Ein Saal aus schwarzem Stein.
Keine Fenster. Kein Tageslicht. Nur Ketten, Schatten und eine Ruhe, die nicht beruhigt.
In der Mitte ein erhöhter Richtertisch, geometrisch präzise, als wäre er nicht gebaut, sondern beschlossen worden.
Darauf sitzt Pinhead.
Nicht als tobendes Monster.
Nicht als Jahrmarktsschreck.
Sondern als das, was er in seinen besten Momenten immer war:
ein Hohepriester der Konsequenz.
Zur linken Seite steht Sigmund Freud, geschniegelt, mit Aktenmappe, als hätte ihn selbst die Hölle nur unter Protest eingelassen.
Zur rechten Seite Carl Gustav Jung, ruhig, fast unverschämt gelassen, als habe er die Wände bereits als Symbol gedeutet und sei damit im Vorteil.
In der Mitte, unsichtbar und doch anwesend: Sarah.
Ein Gong, der wie Metall klingt, das über Wahrheit gezogen wird.
Pinhead
Das Gericht ist eröffnet.
Heute verhandeln wir nicht über Unschuld.
Unschuld ist ein armseliges Konzept für Kreaturen, die sich selbst begehren, verleugnen, finden und wieder verlieren.
Wir verhandeln über Sarah.
Nicht über ihre Taten allein.
Nicht über ihre Fantasien allein.
Nicht über ihre Vergangenheit allein.
Sondern über die Frage:
Woran ist sie schuldig?
Dr.

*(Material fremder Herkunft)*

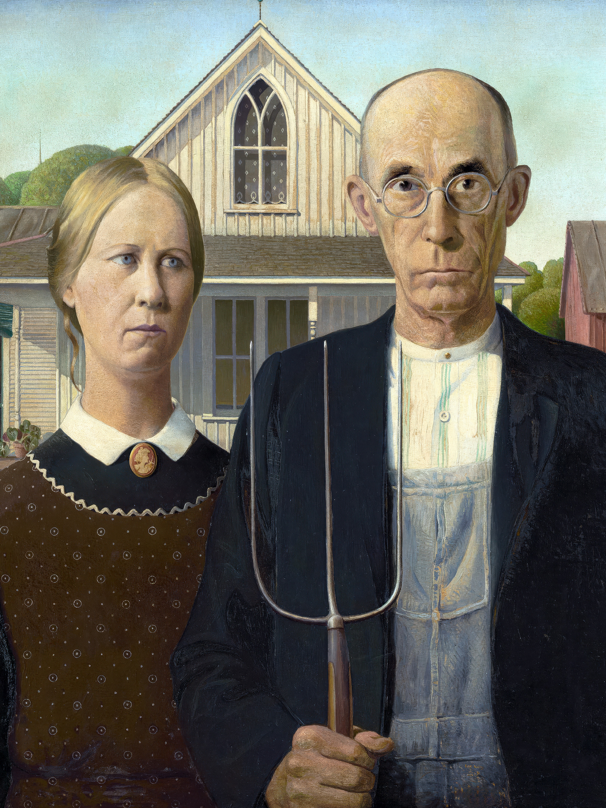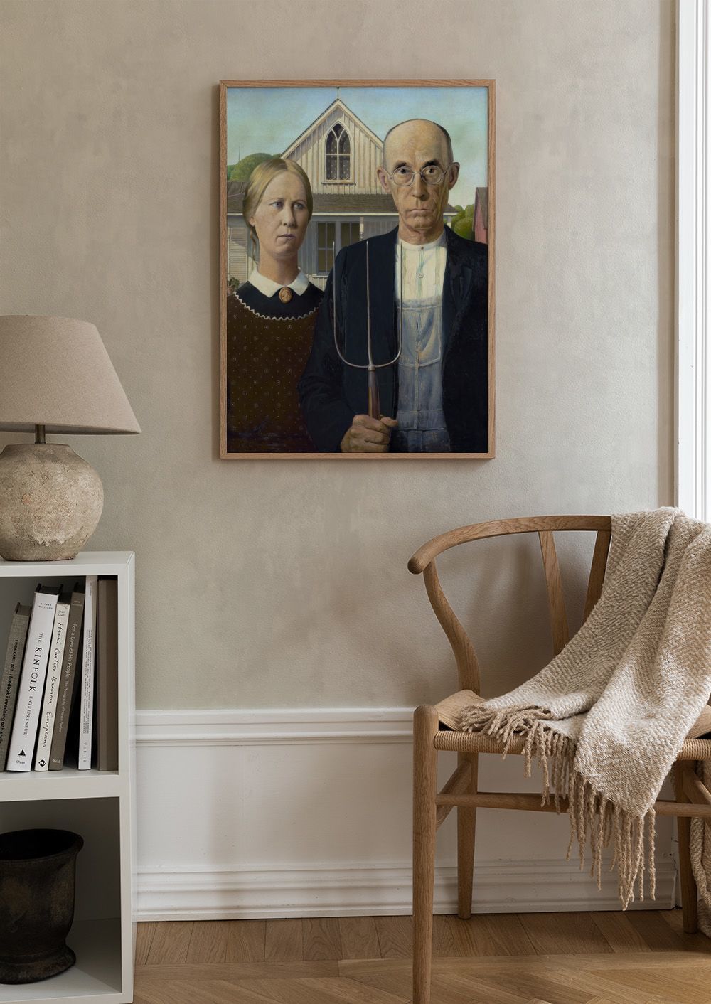 A print of Grant Wood's famous American Gothic painting. A man holding a pitchfork and a woman stand in front of a house with a pointed window. Perfect wall art for art lovers.

Freud. Sie haben das Wort.
Die Anklage
Freud
Euer Ehren, geschätzte Verdammte und gelegentlich Nachdenkliche—
Pinhead
Verschonen Sie mich mit Höflichkeiten. Fahren Sie fort.
Freud
Mit Vergnügen.
Sarah ist schuldig. Nicht im trivialen Sinn, nicht im kleinbürgerlichen Sinn, sondern im psychischen Sinn.
Ich erhebe folgende Anklagepunkte:
Erstens:
Sie hat über Jahre Liebe und Sexualität voneinander abgespalten.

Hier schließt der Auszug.